[Start of section]
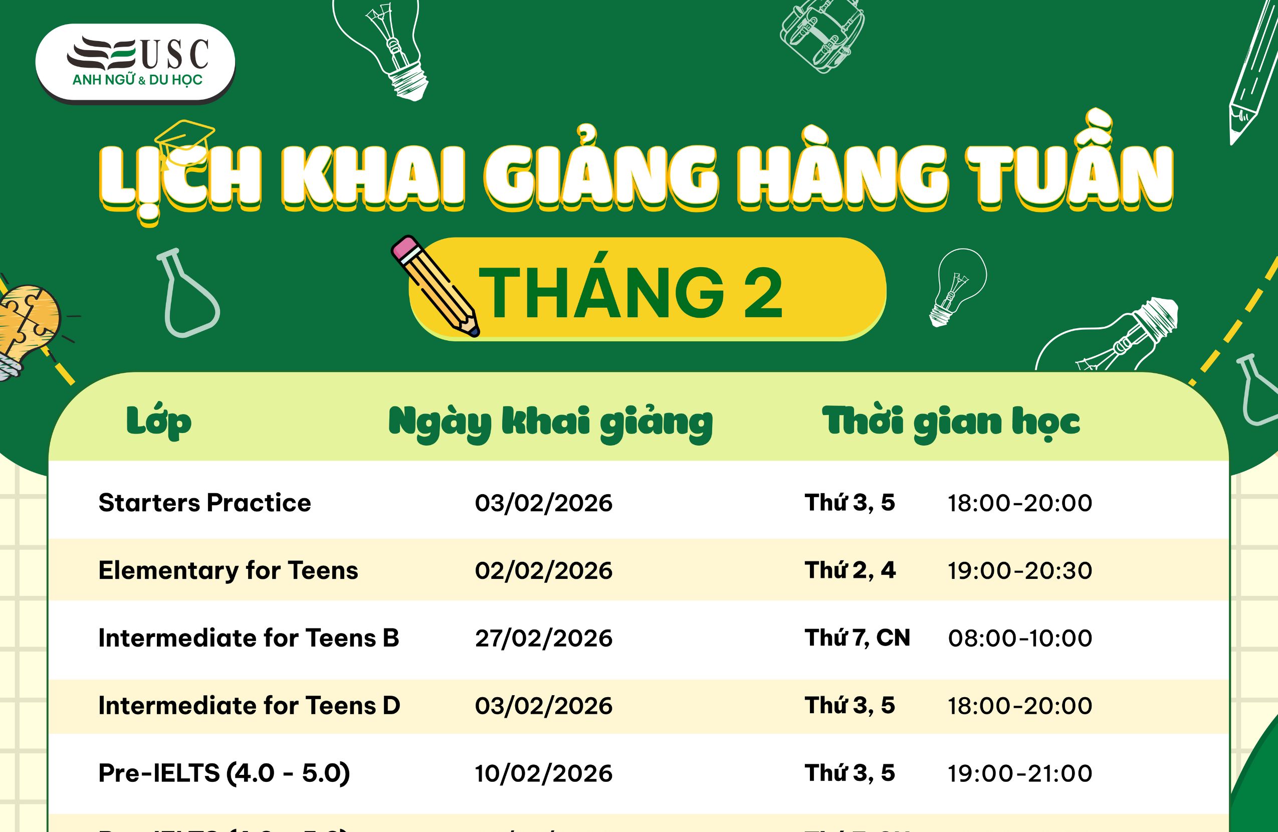 Trung Tâm Anh Ngữ USC thường xuyên khai giảng các khóa học mới với chất lượng cao và uy tín trong công tác giảng dạy. Đảm bảo đáp ứng từng nhu cầu của học viên về khóa học.
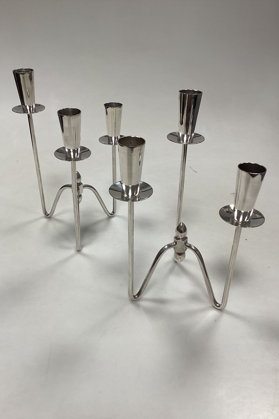 Pair of silver plated three-armed candlesticks by Johannes BergMeasures 20,2 cm / 7,95 inch
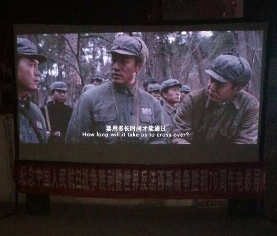 紀念中國人民抗戰(zhàn)勝利暨世界反法西斯戰(zhàn)爭勝利70周年電影展映活動中專場放映《百團大戰(zhàn)》,在展映后電影得到了群眾強烈的反響,甘肅飛天院線二分公司應地方廣電部門、及群眾要求,在所屬市、縣、行政村繼續(xù)開展《百團大戰(zhàn)》電影專場放映活動,使更多的觀眾都能觀看到這部優(yōu)秀的作品。
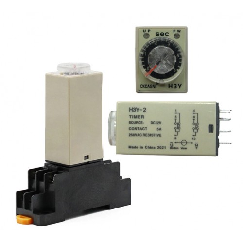 Реле часу, реле часу, таймер H3Y-2, реле 0-5c, реле 12В, реле 5А, реле CKCAGNL на DIN-рейку
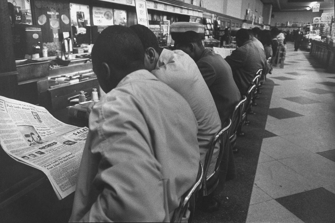 伍爾沃斯午餐櫃枱靜坐的照片拍攝於1960年的北卡羅來納州。本文早期版本配圖説明稱拍攝地點為北卡羅來納州達勒姆市。(已於12月14日更正)
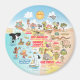 Bright and colourful scene offers a spectacular view of Southern California - wacky characters frolic on the beach and desert of SoCal showcasing Los Angeles, San Diego, Orange County, Santa Barbara, Riverside, Palm Springs, Anza Borrego and Joshua Tree parks as well as the border cities of Tijuana, Tecate and Mexicali. This charming scene has it all – a surfer hangs ten while a killer whale leaps out of the water, zoo animals greet the tourists, a muscular beach couple both flex to impress as a T-Rex roars a challenge and a tank moves into position and much more…
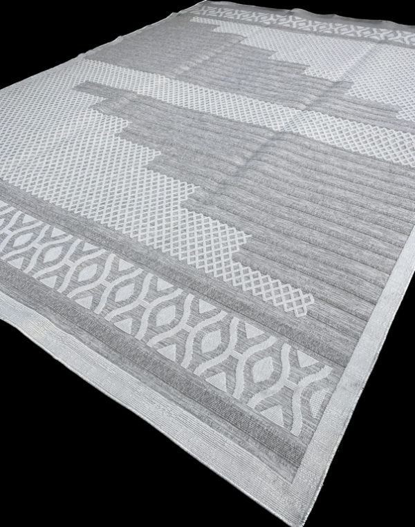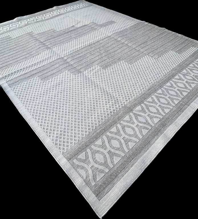 This modern flat-weave rug is both beautiful and durable, featuring a simple design with neutral tones. It is versatile, easy to clean, and therefore suitable for a variety of settings from bedrooms to kitchen spaces.
[End of section]
PROBLEM STATEMENT: Out of the records above, please copy exactly the lines from the line with "紀念中國人民抗戰(zhàn)" up to and including the line with "伍爾沃斯午餐櫃枱靜坐的照片拍", minus the pictures.

RESPONSE FOR THIS EXERCISE:
 紀念中國人民抗戰(zhàn)勝利暨世界反法西斯戰(zhàn)爭勝利70周年電影展映活動中專場放映《百團大戰(zhàn)》,在展映后電影得到了群眾強烈的反響,甘肅飛天院線二分公司應地方廣電部門、及群眾要求,在所屬市、縣、行政村繼續(xù)開展《百團大戰(zhàn)》電影專場放映活動,使更多的觀眾都能觀看到這部優(yōu)秀的作品。
 Реле часу, реле часу, таймер H3Y-2, реле 0-5c, реле 12В, реле 5А, реле CKCAGNL на DIN-рейку
 伍爾沃斯午餐櫃枱靜坐的照片拍攝於1960年的北卡羅來納州。本文早期版本配圖説明稱拍攝地點為北卡羅來納州達勒姆市。(已於12月14日更正)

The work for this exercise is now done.